According to the explanation here, DBSCAN eps value is just the step size, but the resulting distances in the cluster can be much bigger. I think it means, that all the elements of other clusters are possibly separated from the first one by the distance, higher than eps - but we can draw the chain with chunk size of eps inside any two elements of the cluster.
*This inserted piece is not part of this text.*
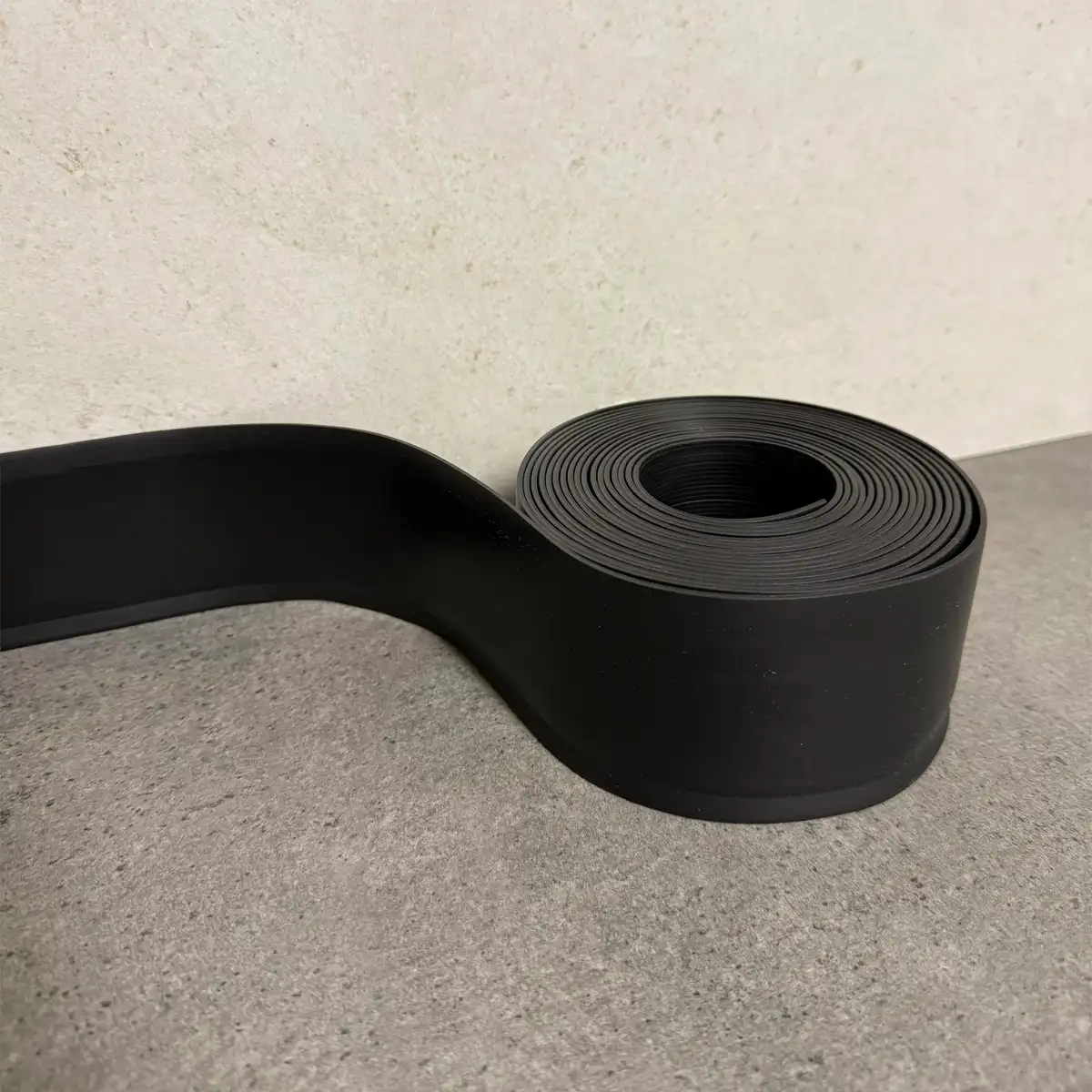 Zócalo sanitario de goma apto para colocar en espacios de higiene. No acumulan suciedad y se pueden limpiar fácilmente con productos de uso común.

However, when I started to use DBSCAN in scipy, I found that eps I need is surprisingly big:
I have the following (distance) matrix (please, excuse me to not being able to fit it into page):
[[-0. 0.444 0.187 0.421 0.215 0.412 0.249 0.466 0.249 0.47 0.269 0.437 0.299 0.438]
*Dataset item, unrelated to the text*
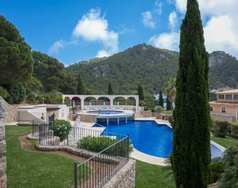 Modern two-bedroom apartment in Port d’Andratx with sea views, private terraces, shared pools and wellness facilities.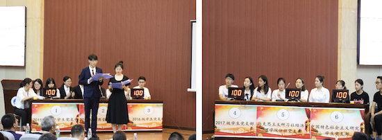本次比赛由2016级学生干部李鑫浩、陈悦同志主持,共分为必答题、抢答题和风险题三个环节。比赛中,六组由各党支部选拔出的优秀选手在答题环节展现出非凡的实力,尤其在抢答环节,更是赛出了大学生党员应有的风采。最终2015级商管学生党支部获得本次比赛一等奖,并由闫大维书记为他们颁奖。

[ 0.444 0. 0.411 0.193 0.416 0.266 0.37 0.322 0.46 0.28 0.446 0.322 0.464 0.356]
[ 0.187 0.411 -0. 0.437 0.185 0.418 0.245 0.483 0.263 0.472 0.244 0.419 0.306 0.411]
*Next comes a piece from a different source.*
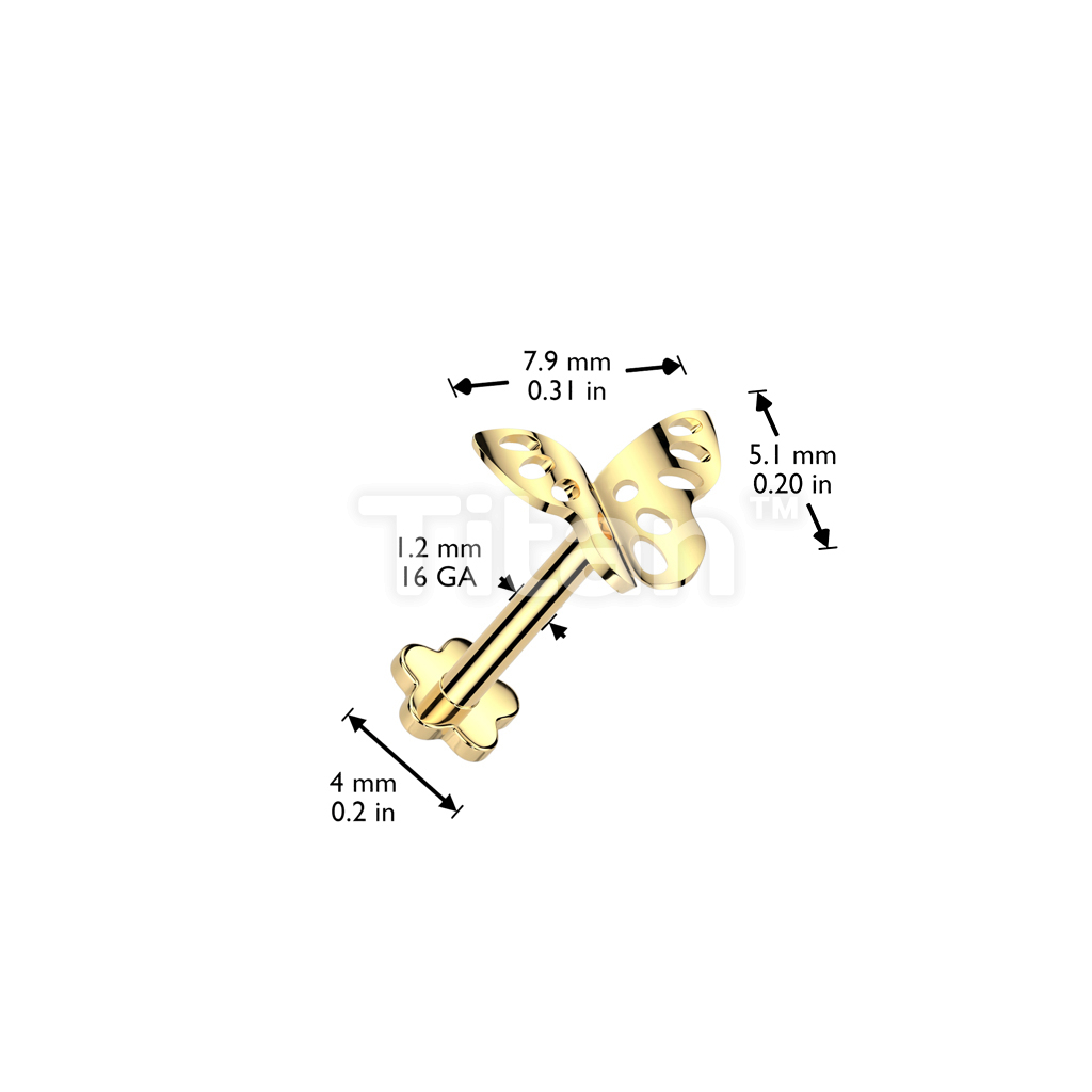 Implant Grade Titanium Threadless Push In Flower Base Flat Back Stud With Butterfly Top

[ 0.421 0.193 0.437 -0. 0.423 0.24 0.396 0.326 0.473 0.271 0.424 0.342 0.448 0.371]
[ 0.215 0.416 0.185 0.423 -0. 0.414 0.242 0.465 0.269 0.464 0.211 0.399 0.271 0.406]
[ 0.412 0.266 0.418 0.24 0.414 -0. 0.362 0.276 0.436 0.168 0.378 0.286 0.463 0.301]
[ 0.249 0.37 0.245 0.396 0.242 0.362 -0. 0.426 0.262 0.422 0.197 0.341 0.281 0.428]
[ 0.466 0.322 0.483 0.326 0.465 0.276 0.426 0. 0.415 0.222 0.463 0.271 0.448 0.286]
[ 0.249 0.46 0.263 0.473 0.269 0.436 0.262 0.415 0. 0.441 0.247 0.531 0.268 0.421]
[ 0.47 0.28 0.472 0.271 0.464 0.168 0.422 0.222 0.441 -0. 0.446 0.276 0.473 0.273]
[ 0.269 0.446 0.244 0.424 0.211 0.378 0.197 0.463 0.247 0.446 -0. 0.428 0.173 0.416]
[ 0.437 0.322 0.419 0.342 0.399 0.286 0.341 0.271 0.531 0.276 0.428 -0. 0.459 0.328]
[ 0.299 0.464 0.306 0.448 0.271 0.463 0.281 0.448 0.268 0.473 0.173 0.459 -0. 0.464]
[ 0.438 0.356 0.411 0.371 0.406 0.301 0.428 0.286 0.421 0.273 0.416 0.328 0.464 -0. ]]
You can see, that elements of my vector split into two classes.
I decided to find the maximum distance to the 3rd nearest neighbor across this matrix, which I think should guarantee finding both clusters correctly (because algorithm follows chains):
l2r = L2.ravel()
def third_nearest_neighbor_distance(i, l2r):
dists = [abs(l2r[i]-l2r[j]) for j in range(len(l2r)) if i != j]
dists = np.sort(dists)
return dists[6] # we have values doubled
k3n_d = []
for i in range(0,len(l2r)):
k3n_d.append(third_nearest_neighbor_distance(i, l2r))
eps = np.max(k3n_d)
which gave me eps = 0.058
and no detection of clusters:
from sklearn.cluster import DBSCAN
def cluster(distance_matrix, eps=0.28):
db = DBSCAN(eps=eps,min_samples=2,metric="precomputed")
return db.fit_predict(distance_matrix)
clusters = cluster(L2,eps)
Output:
clusters:
[-1 -1 -1 -1 -1 -1 -1 -1 -1 -1 -1 -1 -1 -1]
Taking just the half of the biggest difference in the matrix yields much better result:
diffs = [abs(i-j) for i in l2r for j in l2r if i != j] #differences
eps = np.max(diffs)/2
supposed eps: 0.265617753868
clusters:
[ 0 1 0 1 0 1 0 1 0 1 0 -1 0 -1]
At last, you may have already guessed from my cluster function header that the right eps
is 0.28-0.29 which is huge.
What am I doing wrong and how to derive eps for my case?